Figure 6. (a) Spatial change in standard deviation between the measured and simulated magnetic fields. Marked in black is the position of the sensor which was used for the simulation and which is based on the production data of the sensor and the clip. (b) Measured and simulated magnetic field without offset.

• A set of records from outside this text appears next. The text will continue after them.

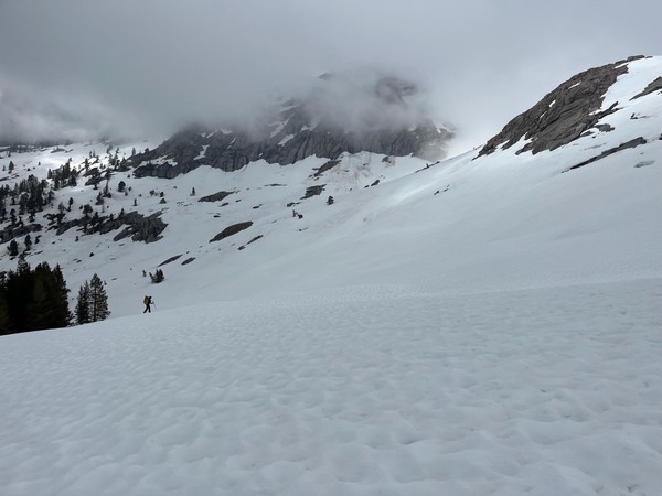 Up until this point we hadn’t seen any one at all save for some cars returning down the “closed road” which was essentially damage free except for two spots where they already had traffic lights controlling the traffic in the one lane sections. We came across a lone skier, who we had thought was just coming down from the pear lake hut. I had tried to say hi and chat but he seemed to be in a rush, for good reason I later learned.
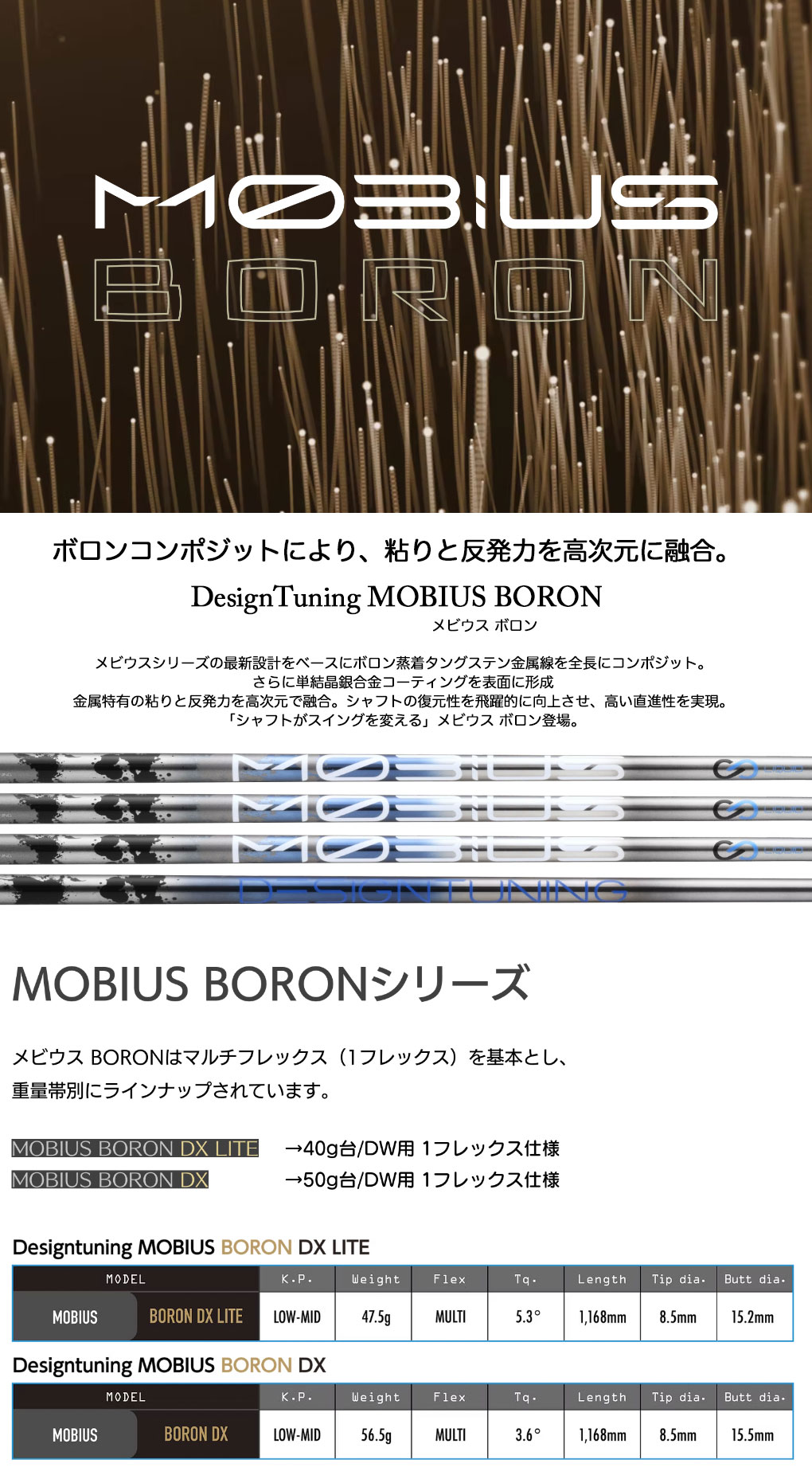 メビウスシリーズの最新設計をベースにボロン蒸着タングステン金属線を全長にコンポジット。
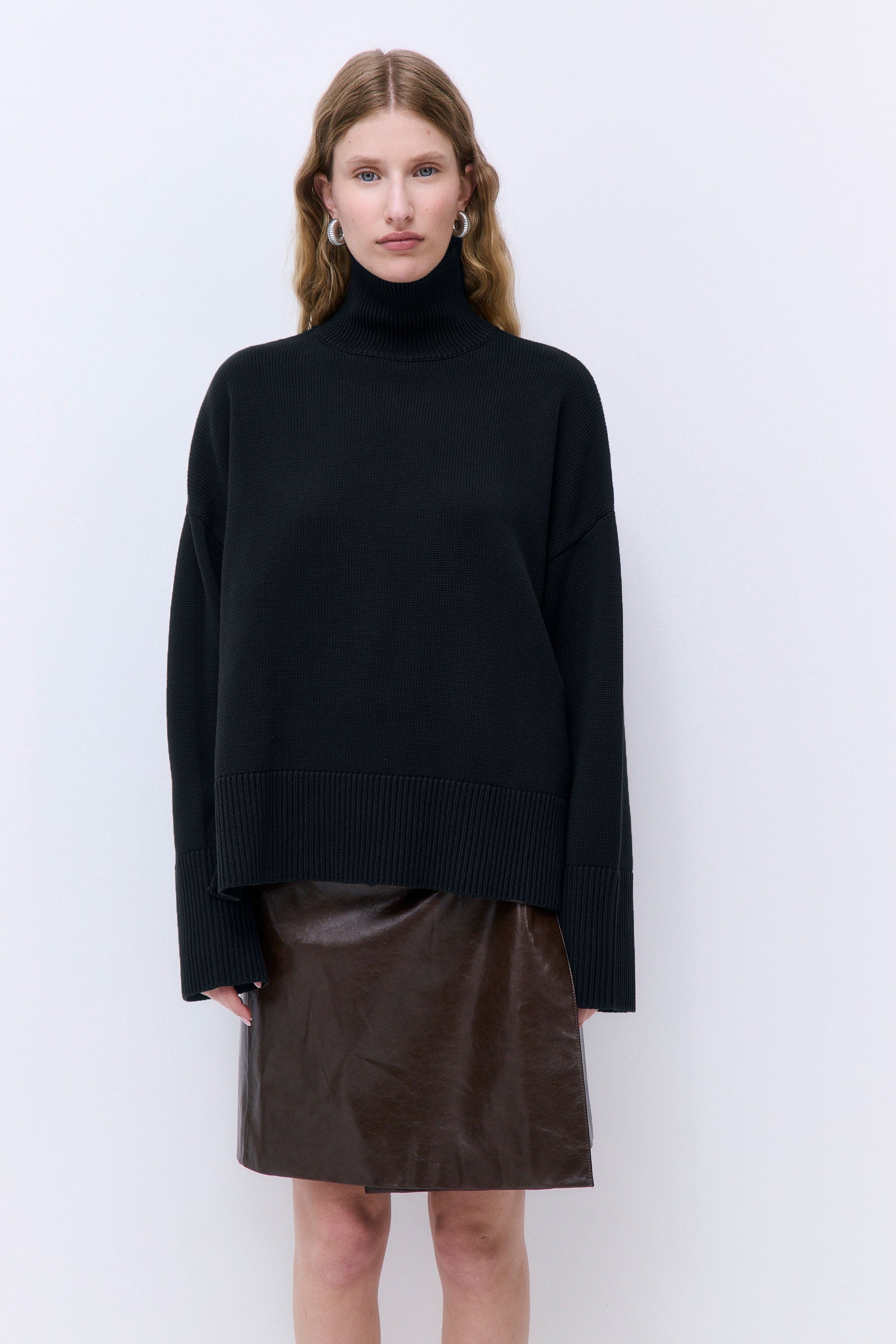 The perfect cozy winter essential. Turtleneck. Oversized fit. Slits on the side. Dropped shoulders. Wide rib hem. Tonal silicon logo on the back. Fully fashioned. Style it with our with our chic Sheer Midi Skirt and pair these with our iconic Yvon Shoulder Bag for an effortless everyday look.
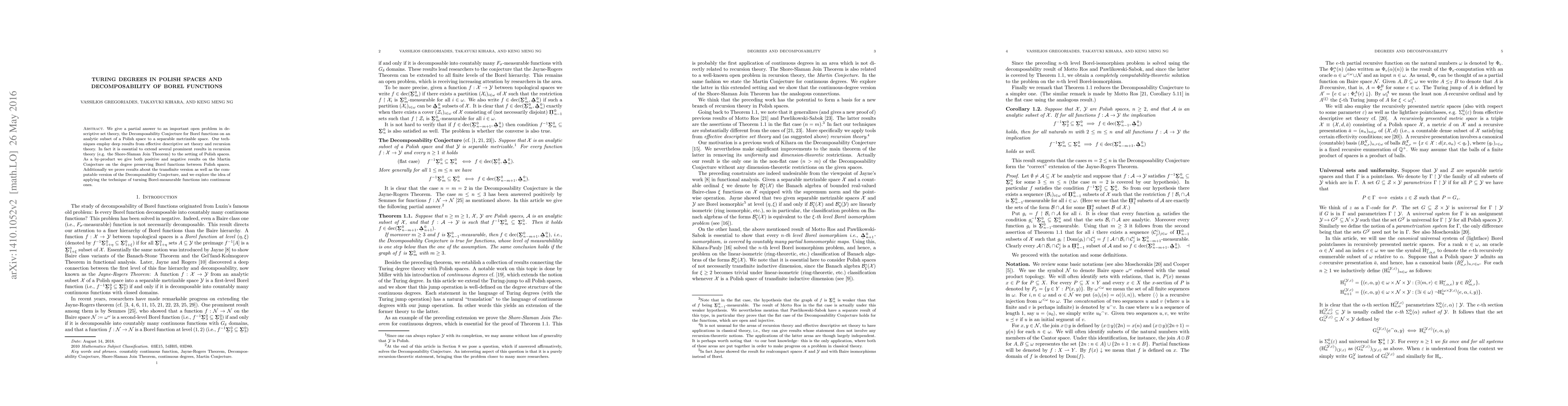 We give a partial answer to an important open problem in descriptive set theory, the Decomposability Conjecture for Borel functions on an analytic subset of a Polish space to a separable metrizable space. Our techniques employ deep results from effective descriptive set theory and recursion theory. In fact it is essential to extend several prominent results in recursion theory (\eg the Shore-Slaman Join Theorem) to the setting of Polish spaces. As a by-product we give both positive and negative results on the Martin Conjecture on the degree preserving Borel functions between Polish spaces. Additionally we prove results about the transfinite version as well as the computable version of the Decomposability Conjecture, and we explore the idea of applying the technique of turning Borel-measurable functions into continuous ones.
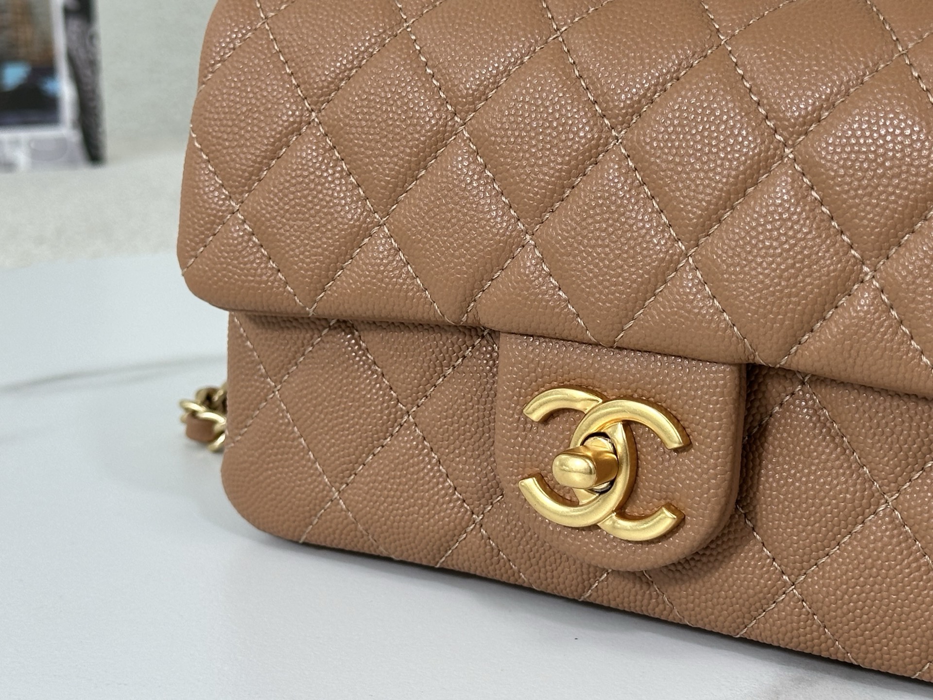 这款包包是AAAAA 1:1 质量 (非常棒). 使用了和原版一模一样的材料. 商标部分也保持了和香奈儿/Chanel一样. 图片拍摄是实物包包拍摄, 您所收到的实物保证和我们图片一模一样.
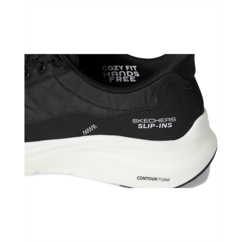 - Make a move in flexible comfort wearing the SKECHERS Contour Foam Cozy Fit Hands Free Slip-in shoes. Designed with an exclusive Heel Pillow, these lace-up sneakers feature a breathable deconstructed quilted mesh upper that provides a roomy flexible fit for enhanced comfort. The Skechers Air-Cooled Memory Foam comfort insole offers pressure relief, instant comfort, and breathability while the gel-infused, high-rebound memory foam cushioning contours to most foot shapes. Designed with a flexible slip-on front for a comfortable fit, these lace-up sneakers add performance comfort to casual occasions. Wear them indoors, around the house, to and from work, business, for travel, or even while driving; the possibilities continue.
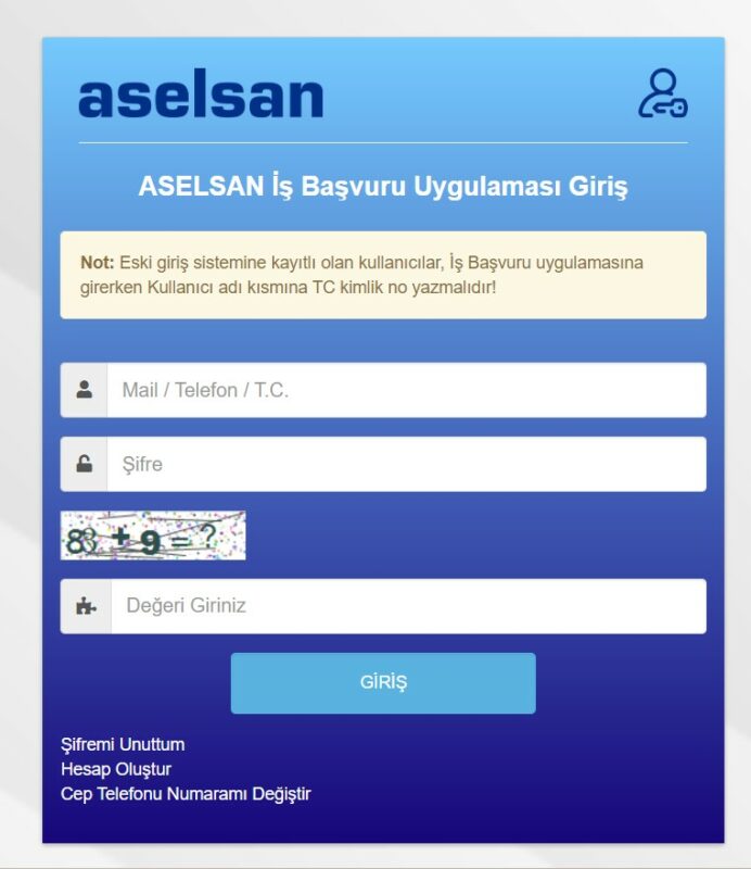 Böylelikle kendiniz için en uygun alana başvuruda bulunabilirsiniz. ASELSAN’a iş başvurunuzu göndermeden önce sisteme T.C. kimlik numaranız ile kayıt olmalısınız.
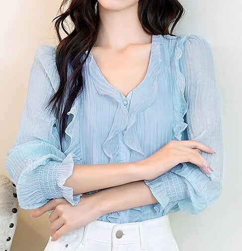 着用するだけで大人可愛い雰囲気が漂うVネックエレガントラッフルステッチシフォンブラウス。
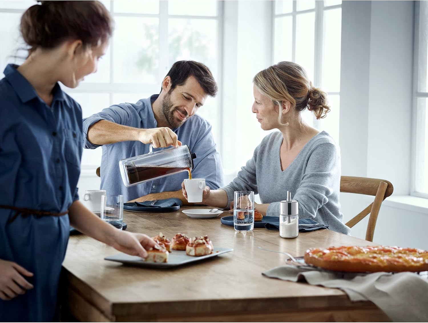Čist dizajn se dobro ujema s funkcionalnostjo. Coffee time se predstavlja s svojim brezčasnim slogom v kozarcih in skodelicah za kavo ter drugih izdelkov za pripravo kave. Vrč z dvojno steno ohranja vašo kavo toplo dolgo časa in je primeren za hitro pripravo toplega napitka, french press za kavo ali čaj.
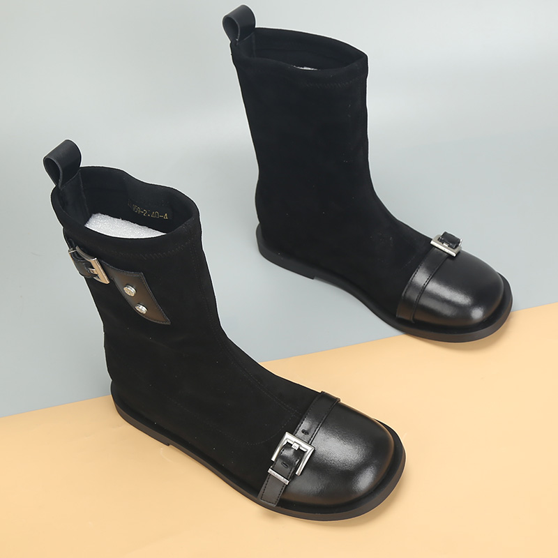达芙妮堆堆靴女中筒秋冬季 美拉德加绒短靴骑士马丁靴 靴子2025新款
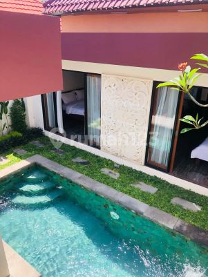 WEST BYPASS SANUR - YEARLY RENTAL Price: IDR 165 Million / Year Charming 2-bedroom villa located in a quiet and secure villa area in Sanur. This property offers comfort, privacy, and a strategic location - only 3 minutes to groceries and coffee shops and 7 minutes' ride to the beach. Perfect for a small family or couple looking for a peaceful home close to everything. The villa faces west, allowing you to enjoy beautiful sunset views, and features a rooftop gazebo overlooking the rice fields - a lovely spot to relax. Property Features 2 Bedrooms with king-size beds AC in each bedroom 2 Bathrooms with large terrazzo bathtubs Water heater in each bathroom Closed living room with AC Fully furnished Private swimming pool Rooftop gazebo with rice field view Indoor private garage 5-meter private access road Safe and quiet villa neighborhood Close to jogging track Land size: 150 m² Electricity: 4,400 Watt Water source: Well water A comfortable and well-located home in Sanur, ideal for long-term living.

Regarding the general measurement range, the NV center, and therefore the sensing technique, is not the limiting factor. Only from about a $102\mathrm{mT}$ external field do the excited and ground state overlap, rendering the extraction of the resonance frequencies no longer easily possible. If an additional magnetic field of $21\mathrm{mT}$ caused by the current is added to the existing offset, the measuring range is already 0–600 $\mathrm{A}$. The previously described fitting process also includes the ZFS parameter D, which is mainly caused by a change in temperature of the diamond. The sensor should therefore be able to function and measure magnetic fields correctly even when the temperature changes. The non-linear shift of the resonances due to off-axis magnetic fields is also covered by the parameter $\xi$. Therefore, we assume that the accuracy of the current sensor might be $0.014\%$ in a 0–600 $\mathrm{A}$ range and even lower in higher measurement ranges. However, this is a very theoretical consideration, as the conductor rail would have to be changed for this load and the field distribution would have to be recalculated. According to tables given in DIN 43 671, a load of $160\mathrm{A}$ for the used busbar, which has a cross-section of $A=42.5{\mathrm{mm}}^2$, can be assumed even without a correction factor for an increased accepted temperature. In this range, the sensor could be used with an accuracy of $0.05\%$. These results underscore the potential of the sensor for high-precision current measurements in practical applications, contingent upon the adaptation of its physical and magnetic configurations to support the desired current ranges. Moreover, a workflow was presented that demonstrates highly accurate measurements in practical applications using only numerical simulation results. Additionally, it was demonstrated that the accuracy of the measurements can be enhanced through the implementation of a reference measurement and the adjustment of the simulation parameters. This workflow can be further utilized when measuring currents in high-current applications such as DC supply cables using quantum sensors without contact.